Wang Rongsheng, Yao Qingsong, Jiang Zihang, Lai Haoran, He Zhiyang, Tao Xiaodong, Zhou S Kevin
School of Biomedical Engineering, Division of Life Sciences and Medicine, University of Science and Technology of China (USTC), Hefei Anhui, 230026, China; Center for Medical Imaging, Robotics, Analytic Computing & Learning (MIRACLE), Suzhou Institute for Advance Research, USTC, Suzhou Jiangsu, 215123, China; Anhui IFLYTEK CO., Ltd., China.
Stanford University, Palo Alto, CA, 94025, United States.
Med Image Anal. 2025 Jun 26;105:103690. doi: 10.1016/j.media.2025.103690.
Despite significant advancements in medical vision-language pre-training, existing methods have largely overlooked the inherent linguistic complexity and imbalanced issue within medical reports, as well as the complex cross-modality contextual relationships between texts and images.
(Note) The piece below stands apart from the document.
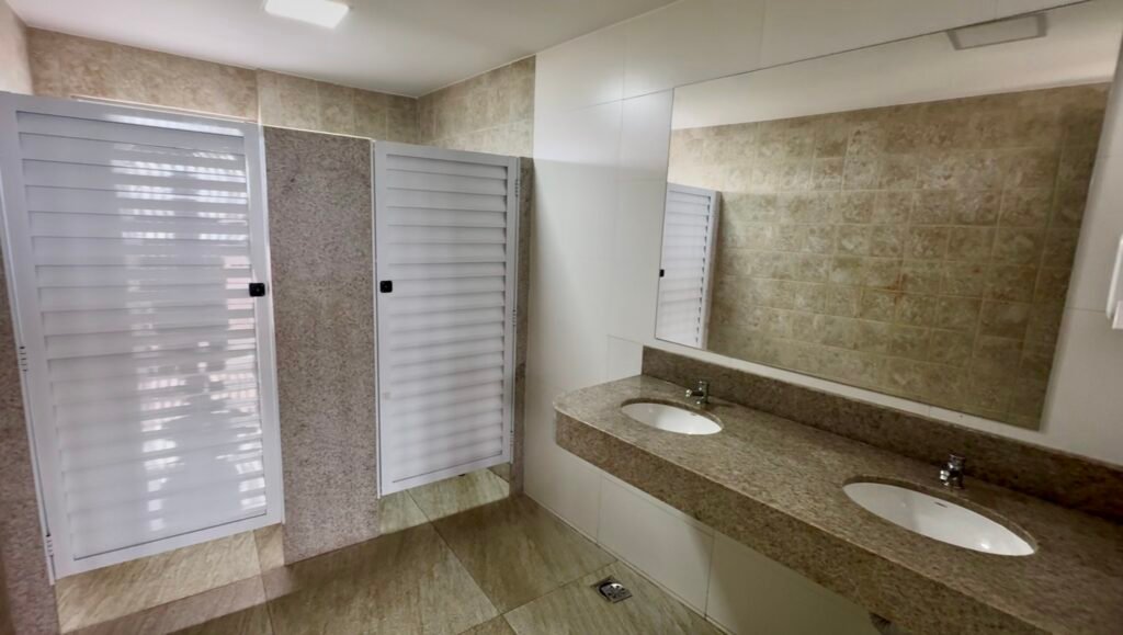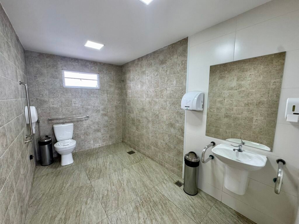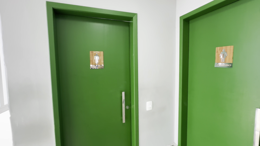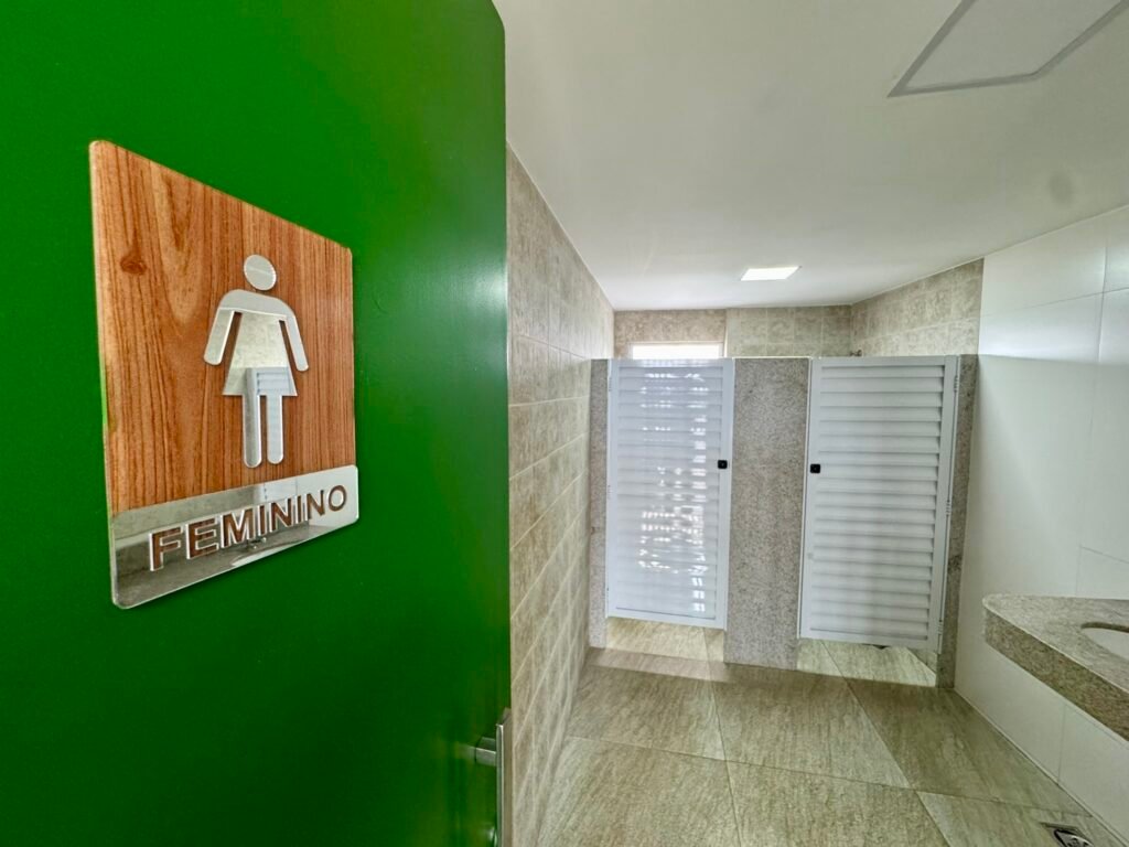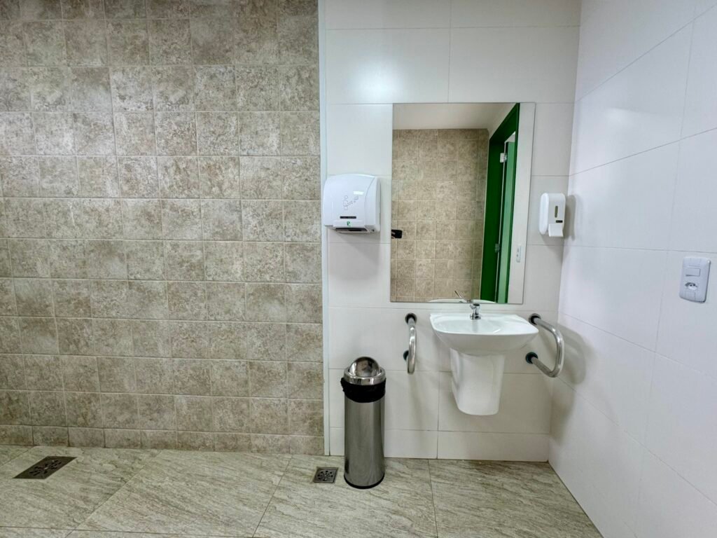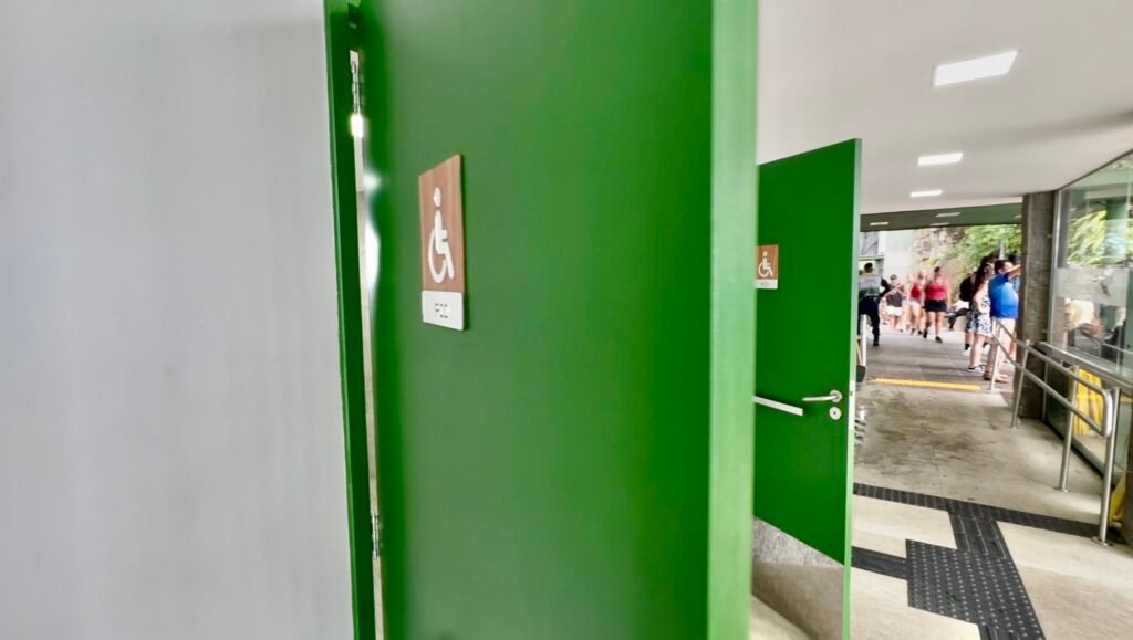 No total, são dois banheiros totalmente adaptados para PcD que seguem a NBR 9050 da ABNT, além de um banheiro feminino e outro masculino de uso geral. Dentro dos sanitários acessíveis, foram instaladas barras de apoio nos lavatórios e nos vasos, assim como um botão de alarme para acionamento em caso de emergência. O piso dos banheiros é antiderrapante e as torneiras das pias possuem uma alavanca maciça e maior que auxilia o acionamento por PcD.

To close this gap, we propose a novel Entity-centered Context-aware Medical Vision-language Pre-training (ECAMP) framework, which establishes a more entity-centered, context-sensitive, and balanced understanding of medical reports to effectively pre-train the vision encoder. We first distill entity-centered context from medical reports utilizing large language models, enabling ECAMP to draw more precise supervision from the text modality. By further incorporating entity-aware re-balanced factor and descriptor masking strategies into masked language modeling, ECAMP significantly enhances the knowledge of entities within the reports. A context-guided super-resolution task is proposed alongside a multi-scale context fusion design to improve the semantic integration of both coarse and fine-level image representations, which prompts better performance for multi-scale downstream applications. ECAMP integrates these innovations together, leading to significant performance leaps over current state-of-the-art methods and establish a new standard for cross-modality pre-training in medical imaging. The effectiveness of ECAMP is demonstrated by extensive experiments on various domains and organs, which achieves cutting-edge results on multiple tasks including classification, segmentation, and detection across 5 public chest X-ray and 4 fundoscopy datasets respectively.
尽管医学视觉语言预训练取得了显著进展,但现有方法在很大程度上忽略了医学报告中固有的语言复杂性和不平衡问题,以及文本与图像之间复杂的跨模态上下文关系。为了弥补这一差距,我们提出了一种新颖的以实体为中心的上下文感知医学视觉语言预训练(ECAMP)框架,该框架建立了一种更加以实体为中心、上下文敏感且平衡的医学报告理解方式,以有效地预训练视觉编码器。我们首先利用大语言模型从医学报告中提取以实体为中心的上下文,使ECAMP能够从文本模态中获得更精确的监督。通过进一步将实体感知重新平衡因子和描述符掩码策略纳入掩码语言建模,ECAMP显著增强了报告中实体的知识。同时提出了一个上下文引导的超分辨率任务以及多尺度上下文融合设计,以改善粗粒度和细粒度图像表示的语义整合,从而在多尺度下游应用中实现更好的性能。ECAMP将这些创新整合在一起,相比当前的最先进方法实现了显著的性能飞跃,并为医学成像中的跨模态预训练树立了新的标准。在各种领域和器官上进行的广泛实验证明了ECAMP的有效性,它在分别跨越5个公共胸部X光和4个眼底镜检查数据集的分类、分割和检测等多个任务上取得了前沿成果。